I don't know if this is a stupid question, but what is culling?


----------



## Zoidburg (Mar 8, 2016)

TheRadLion said:


> I don't know if this is a stupid question, but what is culling?


Removing the lesser desired shrimp from the colony. Some people set up cull tanks and if anything shows up in the cull tank that they'd like to add back to the colony, then they can. 

Other people might put the culls into a community fish tank.

Alternatively, they can be sold to other shrimp keepers or taken to the local LFS.


----------



## TheRadLion (Oct 22, 2018)

Sweet thanks.


----------



## Plutology (Nov 25, 2018)

In my experience with red cherries and blue dreams/electric blue’s is that they will most likely produce a brownish color unless they breed and a new color is produced and then separated from the rest.


----------



## Zoidburg (Mar 8, 2016)

Someone just shared some Fire Red x Blue Dreams elsewhere and the shrimp are also red and blue! Look a bit different than the Bloody Mary x Blue Dreams... but then again, the BMxBD shrimp, I didn't get to see more of the colony... the person only showed one of them.

So with culling/selective breeding, you could certainly get some interesting looking shrimp! Some may still be less desirable so you'd want to determine what you want out of what you are trying to create and work towards that goal.


----------



## FishRFriendz (Dec 21, 2016)

My RCS cull pond has blue dream culls that snuck in from their cull pond and the result is brown/green. Not a nice shade of green either.


----------



## Zoidburg (Mar 8, 2016)

FishRFriendz said:


> My RCS cull pond has blue dream culls that snuck in from their cull pond and the result is brown/green.
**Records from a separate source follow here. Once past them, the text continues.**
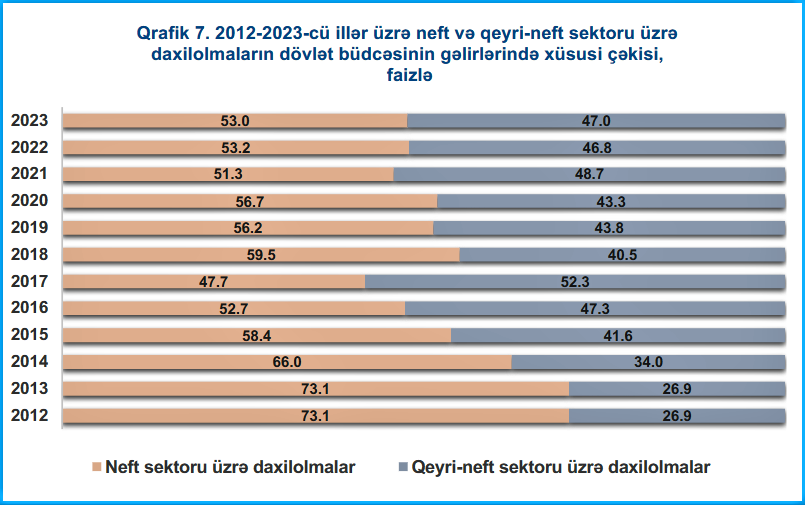 Bu tendensiya 2023-cü ilin birinci rübündə də davam edib. İlk ründə büdcənin gəlirləri 8,3 milyard manat təşkil edib ki, onun 4 milyard 899,5 milyon manatı vergilərin payına düşür. 4,9 milyard manat vergi yığımlarının isə 2 milyard 618 milyon manatı qeyri-neft-qaz sektoruna aiddir. Yəni, yanvar-mart aylarında ümumi vergi yığımlarının 55 faizi birbaşa qeyri-neftin payına düşüb. istinad.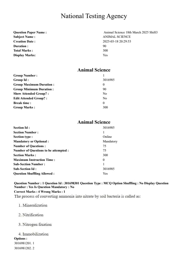 CUET PG Animal Science 2025 Question Paper with Answer Key PDF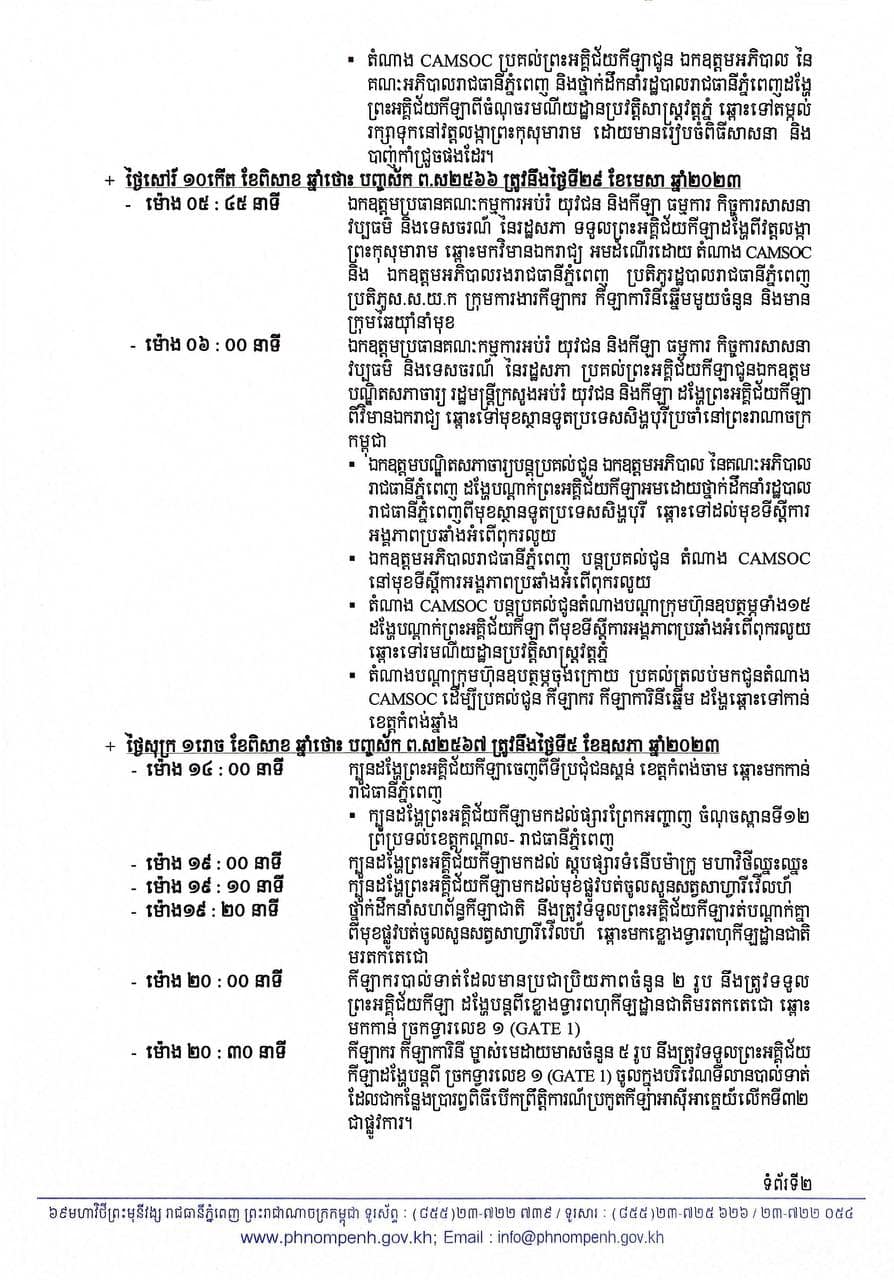 ចំពោះកម្មវិធីនៃការដង្ហែ ព្រះអគ្គិជ័យកីឡានៅរាជធានីភ្នំពេញនឹងប្រព្រឹត្តទៅដូចខាងក្រោម៖

Not a nice shade of green either.


I've heard it's best to start out with high grade colors if you want to mix them.


----------



## Rubiks_Coop (Oct 1, 2010)

The only shrimp I've seen that actually end up looking decent and actually cool, are the skrittle tank from LRB that he sells from time to time. Otherwise they usually just revert to the brown/green like the wild types.


----------



## TheRadLion (Oct 22, 2018)

Okay, thanks for all the replies. I don't think I'm going to be mixing them, judging from what I've heard.


----------



## Steemax (Oct 22, 2018)

My blue velvet came prego from the LFS... one of the babies managed to survive my Minnow's, and Gourami and came out pitch black. Looks pretty cool and i'm not sure what it had bred with. Here's a pic.


----------



## kaldurak (May 2, 2010)

Steemax said:


> My blue velvet came prego from the LFS... one of the babies managed to survive my Minnow's, and Gourami and came out pitch black. Looks pretty cool and i'm not sure what it had bred with. Here's a pic.
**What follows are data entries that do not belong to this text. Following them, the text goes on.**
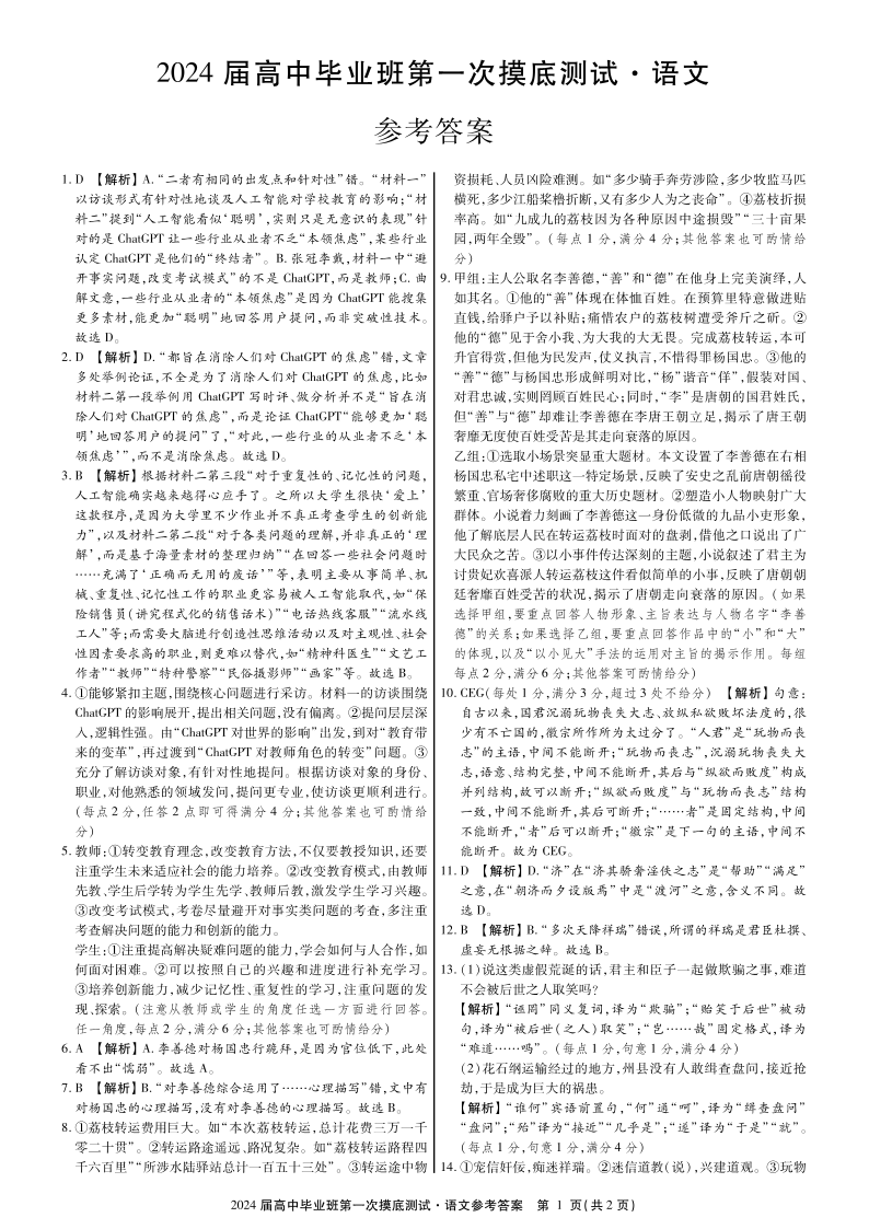 广西省2024届高中毕业班第一次摸底测试语文答案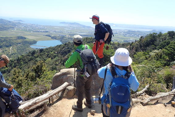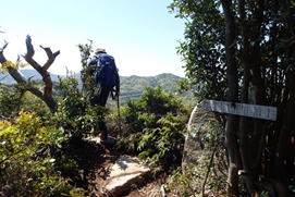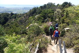 今回訪れたのは山口県山口市秋穂町に聳える大海山(おおみやま)と勘十郎岳(かんじゅうろうだけ)である。メンバーはなんと10人の大部隊。山の情報誌「のぼろ」の専属ライターであるN村さんやT師匠を筆頭に、常日頃、山に慣れ親しんでいるツワモノばかりである。その中で、小学2年生の男の子(T井夫妻のお孫さん)が元気に縦走完歩し、楽しいハイキング登山になりました。 |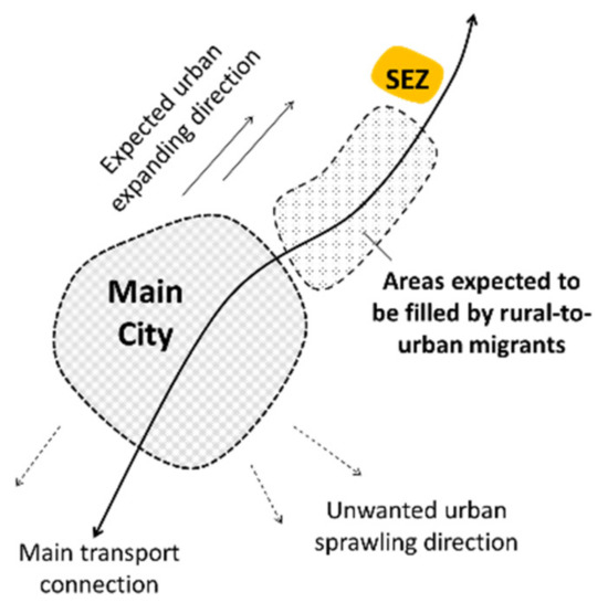 The second reason is that most SEZs—as new urban spaces—are located at the peri-urban areas where urban and rural, state-owned, and customary/private land are often mixed. The conversion of land from rural to urban use, from customary/private to national, or just from one owner to another, which usually involves complex and diverse land tenure, redefines the people-land relationship and relations of production and is thus full of uncertainty and disputes [31,32]. The government thus has the responsibility enabled by the public authority to coordinate those potential contradictions.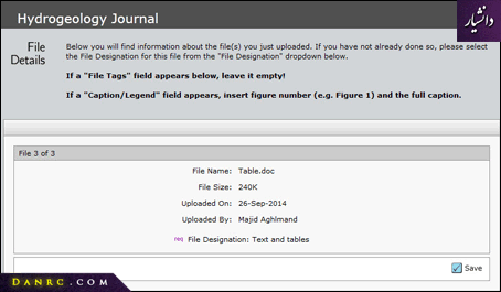 تعداد فایل ها در مجلات مختلف تفاوت است. در بعضی از مجلات باید فایل Title Page نیز در سیستم ضمیمه شود و یا فایل مقاله در دو فایل ضمیمه می شود، با نام نویسنده و بدون نام نویسنده.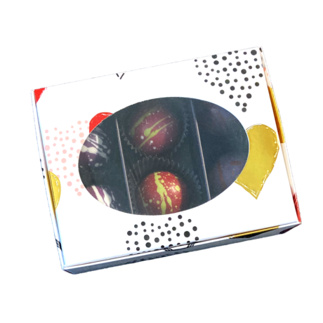 50 x Boîtes 1/4lb 1pièce avec fenêtre, collection Amore. Boite blanche, avec motif de coeur et confettis, noir, rouge, rose et or métallique.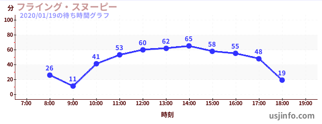 • フライング・スヌーピー$B$N(B2020年01月19日の待ち時間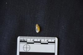 | Description / विवरण | Chalcedony blade has a crested guided ridge on dorsal side, striking platform, bulb on ventral side, triangular cross-section and triangular cross-section. |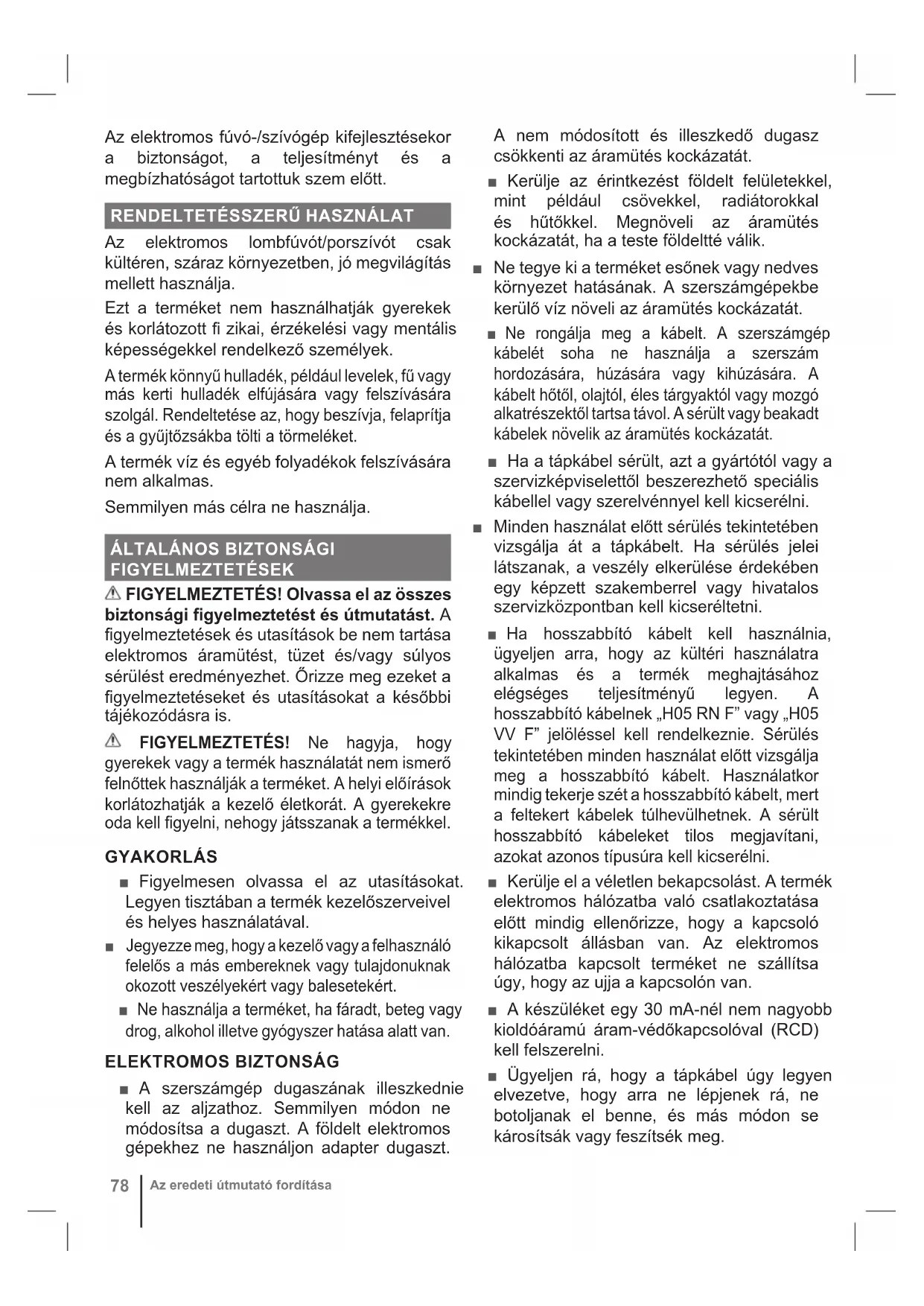 Az elektromos lombfúvót/porszívót csak kültéren, száraz környezetben, jó megvilágítás mellett használja. Ezt a terméket nem használhatják gyerekek és korlátozott fi zikai, érzékelési vagy mentális képességekkel rendelkező személyek. A termék könnyű hulladék, például levelek, fű vagy más kerti hulladék elfújására vagy felszívására szolgál. Rendeltetése az, hogy beszívja, felaprítja és a gyűjtőzsákba tölti a törmeléket. A termék víz és egyéb folyadékok felszívására nem alkalmas. Semmilyen más célra ne használja.

Now that is an awesome shrimp!


----------



## Thelongsnail (Dec 2, 2015)

@Steemax I saw these in my LFS yesterday - I think they were labelled "Black Rose" cherry shrimps if you're ever looking for more. They're gorgeous!


----------



## Steemax (Oct 22, 2018)

Thelongsnail said:


> @Steemax I saw these in my LFS yesterday - I think they were labelled "Black Rose" cherry shrimps if you're ever looking for more. They're gorgeous!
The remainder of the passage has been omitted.